What are SDTM supplemental qualifiers?
Another blog on the 9 SDTM mapping scenarios you need to know ended on the cliffhanger of the supplemental qualifier! These are variables in non-CDISC datasets that cannot be mapped to a variable that matches the SDTM standard. If you’re interested in learning more about SDTM, you can read our blog post All you need to know about SDTM.
The SDTM has a rule that new variables cannot be added to a data domain. If a user has additional data for a domain, which cannot be entered into the domain using the standard variables, then a supplemental qualifier dataset must be used. This is a separate dataset from the “parent” domain in question, and it has a vertical structure that allows the user to add supplemental data in a “variable name – variable value” format.
Here is an SDTM dataset, DM (Demographics):
So, in DM we have the standard SDTM data:
- STUDYID – this is the Study ID
- DOMAIN – the dataset domain code
- USUBJID – the unique subject identifier
- AGE, SEX, RACE – the patient’s age, sex and race
And in addition, we have two variables that aren’t included in the SDTM – ITTFL and PPROTFL. These are the population flags Intent to Treat and Per Protocol.
In this instance, we create a supplemental qualifier dataset, SUPPDM, which is shown below. The naming convention for supplemental qualifier datasets must be adhered to. It will always begin with “SUPP” and is followed by two characters that represent the SDTM domain they were created for. So, as in this example, the supplemental qualifier for DM is SUPPDM. Creating a supplemental qualifier dataset for the domain EX (exposure) would result in SUPPEX.
Each supplemental qualifier dataset contains 10 variables. Variables in a supplemental qualifier domain are either “required” or “expected”. There are five key variables that reference a specific record in its parent domain and five Q-variables that contain the supplemental data itself.
The key variables are:
- STUDYID – this is the Study ID
- RDOMAIN – Related domain
- USUBJID – The unique subject identifier
- IDVAR – Variable which identifies the related records (usually the Sequence variable)
- IDVARVAL – The value of IDVAR (in SUPPDM, IDVAR and IDVARVAL are blank – the SDTM dataset DM contains only one observation per subject and USUBJID is sufficient enough to reference the records)
The supplemental data is:
- QNAM – The variable name
- QLABEL – The variable label
- QVAL – The data value
- QORIG – The origin (CRF/derived, etc.)
- QEVAL – The evaluator
Each domain that has non-SDTM standard variables needs a supplemental qualifier dataset.
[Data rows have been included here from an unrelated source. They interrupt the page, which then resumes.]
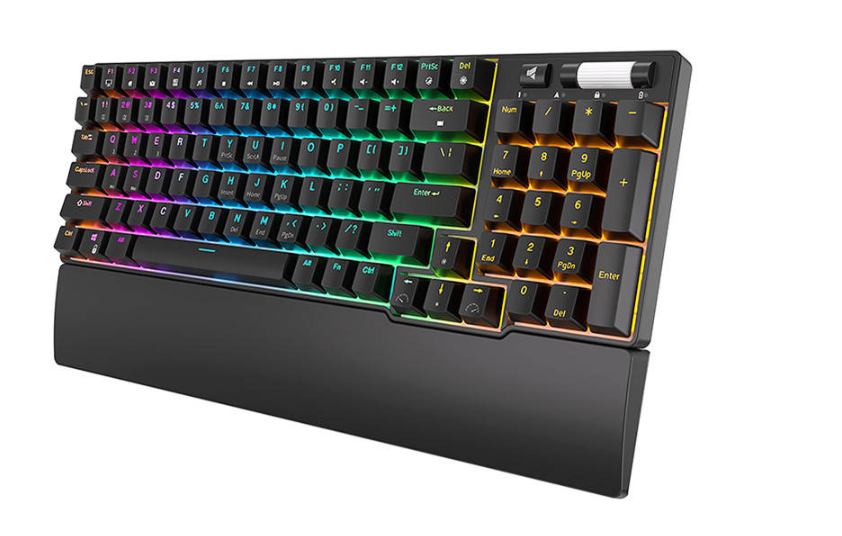 What sets the Royal Kludge keyboard apart is its well-thought-out design. It was created with durable materials, so it shows great durability and resistance. What's more, its multilayer structure allows it to reduce noise, so it will work quietly and not disturb other people in the room. What's more, it allows you to change switches freely. You will find a magnetic pad included, which will allow you to support your wrists comfortably.
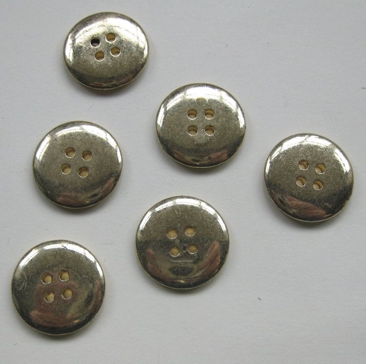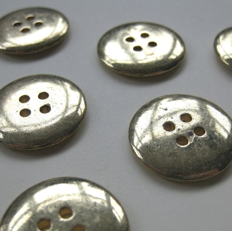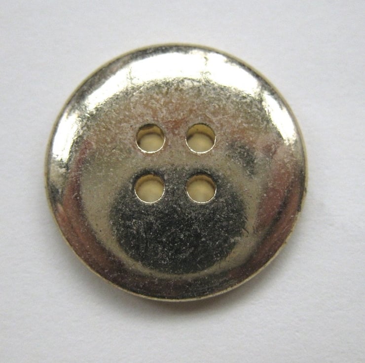 10 Smooth and shiny flat brass buttons with 4 sewing holes.
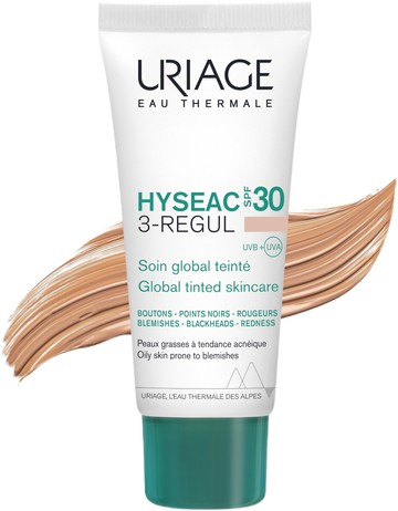 Defend your problematic skin from breakouts and the sun with the Uriage Hyseac 3-Regul Global Tinted Skincare SPF 30, an oil-free tinted daily moisturiser for combination, oily and sensitive skin. The daily face cream offers SPF 30 protection from damaging UVA and UVB rays while inhibiting blemishes, blackouts and oiliness. The moisturiser helps to eliminate spots and skin imperfections and contains a trio of patents to prevent blemishes from reappearing. A liquorice blend reduces excess sebum for a long-lasting smooth and matte appearance. The sun filters work to protect the complexion while also limiting the rebound effect of acne and the appearance of sun-induced marks. Skin is unified and mattified as the tinted high coverage formula subtly conceals spots and imperfections for an even complexion. The cream leaves a non-greasy, powdery finish with an anti-shine effect and a universal and blendable tone. The hypoallergenic moisturiser also contains Uriage's renowned Thermal Water from the French Alps. This naturally healing and soothing water helps to hydrate skin and infuse it with a plethora of minerals and vitamins. Why We Love It We're passionate about many things - two of which are sun care and multi-tasking products. The Hyseac moisturiser ticks both of these boxes as it makes it effortless to remember to wear your daily SPF. While it's protecting your skin, it's also hard at work nourishing it and ridding it of pesky spots, blemishes and blackheads. The weightless texture that absorbs instantly coupled with the fruity-floral scent makes this SPF 30 moisturiser a treat to use. It leaves an airbrushed and fresh-faced finish, perfect for when you want a unified and shine-free appearance without makeup. The lotion is held in a white tube with a lime-green lid and a cannula tube nozzle for effortless application. It can easily be popped in your handbag or travel bag, allowing for SPF protection on-the-go and anti-spot treatment wherever you are. How To Use It Use daily. Apply every morning to a thoroughly cleansed, dry face. Works Well With Say goodbye to breakouts and oiliness by ensuring you complete your skincare routine by exploring the full Uriage Hyseac range. Values Hypoallergenic, non-comedogenic. Oil-free.
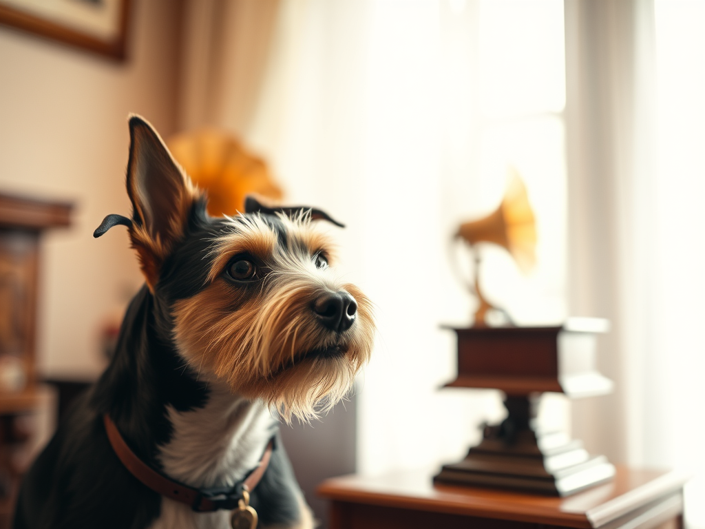 ‘His Master’s Voice is an entertainment trademark used by numerous global sound equipment manufacturers, record labels and entertainment retailers. It is derived from the painting of the same name that depicts a dog named Nipper listening to a wind-up gramophone whilst tilting his head.’ Francis Barrud
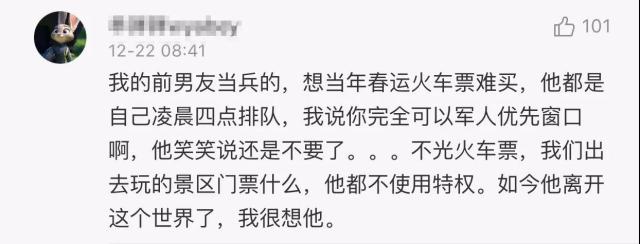 @木曰勿o:記得哥哥今年休假帶我出去玩,買票的時候我說不是有軍人優(yōu)先么,他說一般沒什么緊急大事,該排隊的還是要排隊。(他們真的很不容易,休假在家都是隨時待命。)

So, if there are 10 datasets that contain non-SDTM standard variables, 10 supplemental qualifier datasets would be created.
In the course of researching this blog, I stumbled upon the code list for reporting the race of a patient and noticed that the NCI preferred terms only included American Indian or Alaska Native, Asian, African American, Native Hawaiian or Other Pacific Islander, or White.
So what happens in a situation where a patient is, say, Australian Aborigine. The SDTM Implementation Guide answers this question perfectly with the following example.
DM Example 3 – Multiple Race Choices
In this example, the subject is permitted to check all applicable races.
Row 1 (DM) and Row 1 (SUPPDM): Subject 001 checked “Other, Specify” and entered “Brazilian” as race.
Row 2 (DM) and Row 2, 3, 4, 5 (SUPPDM): Subject 002 checked 3 races, including an “Other, Specify” value. The 3 values are reported in SUPPDM using QNAM values RACE1 – RACE3. The specified information describing other race is submitted in the same manner as to subject 001.
Row 3 (DM): Subject 003 refused to provide information on race.
Row 4 (DM): Subject 004 checked “Asian” as their only race.
In the SDTM dataset dm.xpt, we see the demographics of Patients 001 – 004.
Here, Patient 001 chose “Other”. Because his specified race cannot be matched to SDTM, a supplemental qualifier is created where the additional data is stored. So we can see from suppdm.xpt that the patient has specified “Brazilian”.
Patient 002 has a much more diverse background. They ticked “Black or African American,” “American Indian or Alaska Native,” and “Other”. And in the “Other” field, they have specified “Aborigine”.
Patient 003 has not answered the question, and Patient 004 has chosen the SDTM-compliant “Asian,” so their information is not included in the supplemental qualifier.
Creating SUPPQUAL datasets can be challenging and time-consuming. But, if you have datasets containing variables that cannot be mapped to standard SDTM variables and want to make them SDTM-compliant, it’s completely necessary!